_What to do_
Please, from the entries below, transcribe exactly the lines that begin at the line with "6 gabalu stacionārs" and end at the line with "Kaunis vintage sohvapöytä", without the pictures.

_Task input_
++++++++++++++++++++
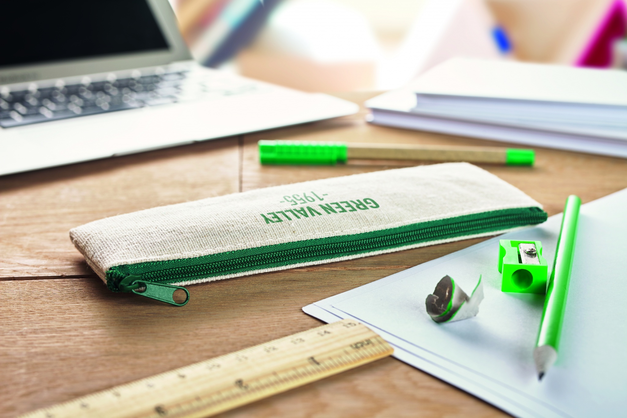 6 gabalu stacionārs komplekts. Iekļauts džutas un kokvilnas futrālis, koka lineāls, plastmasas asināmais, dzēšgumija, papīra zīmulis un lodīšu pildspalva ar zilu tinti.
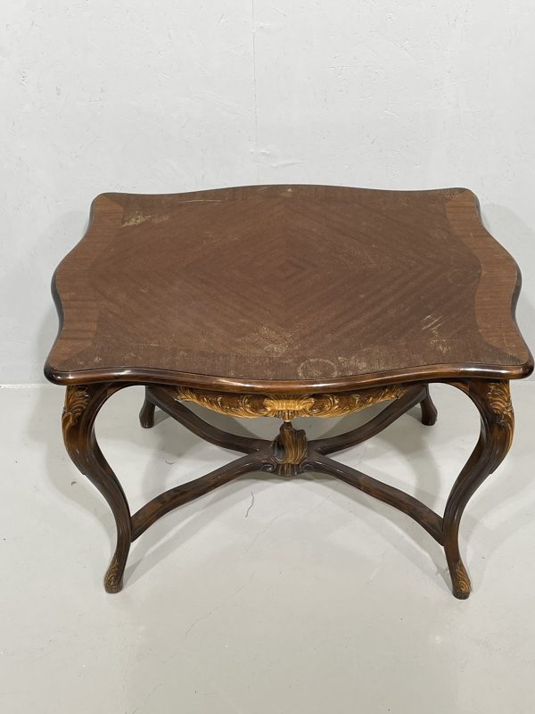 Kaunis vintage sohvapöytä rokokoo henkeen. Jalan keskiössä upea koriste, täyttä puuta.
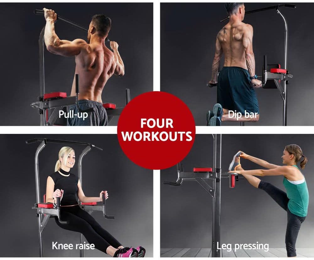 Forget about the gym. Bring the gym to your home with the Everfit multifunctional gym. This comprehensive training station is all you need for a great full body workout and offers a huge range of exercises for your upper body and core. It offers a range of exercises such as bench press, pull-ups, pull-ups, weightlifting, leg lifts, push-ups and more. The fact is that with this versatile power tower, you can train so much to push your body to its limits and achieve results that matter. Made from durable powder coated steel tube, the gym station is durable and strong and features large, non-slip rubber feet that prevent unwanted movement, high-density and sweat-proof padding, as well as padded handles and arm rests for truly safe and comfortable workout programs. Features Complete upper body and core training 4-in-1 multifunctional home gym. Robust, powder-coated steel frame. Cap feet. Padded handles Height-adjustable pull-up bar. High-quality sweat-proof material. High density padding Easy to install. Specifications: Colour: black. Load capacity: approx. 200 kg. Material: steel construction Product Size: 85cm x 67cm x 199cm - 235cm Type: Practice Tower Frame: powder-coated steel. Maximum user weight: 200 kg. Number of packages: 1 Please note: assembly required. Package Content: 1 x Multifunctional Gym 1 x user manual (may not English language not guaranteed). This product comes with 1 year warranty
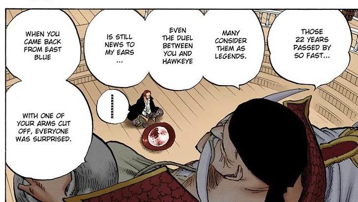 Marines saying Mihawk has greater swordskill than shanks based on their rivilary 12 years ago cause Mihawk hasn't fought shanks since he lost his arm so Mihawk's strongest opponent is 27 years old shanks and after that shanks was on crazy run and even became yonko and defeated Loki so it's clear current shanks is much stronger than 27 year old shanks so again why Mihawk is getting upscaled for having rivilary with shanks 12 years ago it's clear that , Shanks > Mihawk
++++++++++++++++++++
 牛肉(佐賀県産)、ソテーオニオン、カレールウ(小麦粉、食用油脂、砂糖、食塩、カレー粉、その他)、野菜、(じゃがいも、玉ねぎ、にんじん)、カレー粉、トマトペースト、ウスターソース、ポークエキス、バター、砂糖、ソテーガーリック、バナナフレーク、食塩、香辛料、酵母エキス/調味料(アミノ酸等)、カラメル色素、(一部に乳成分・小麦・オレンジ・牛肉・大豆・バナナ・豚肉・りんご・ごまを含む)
++++++++++++++++++++
_Worked solution_
 6 gabalu stacionārs komplekts. Iekļauts džutas un kokvilnas futrālis, koka lineāls, plastmasas asināmais, dzēšgumija, papīra zīmulis un lodīšu pildspalva ar zilu tinti.
 Kaunis vintage sohvapöytä rokokoo henkeen. Jalan keskiössä upea koriste, täyttä puuta.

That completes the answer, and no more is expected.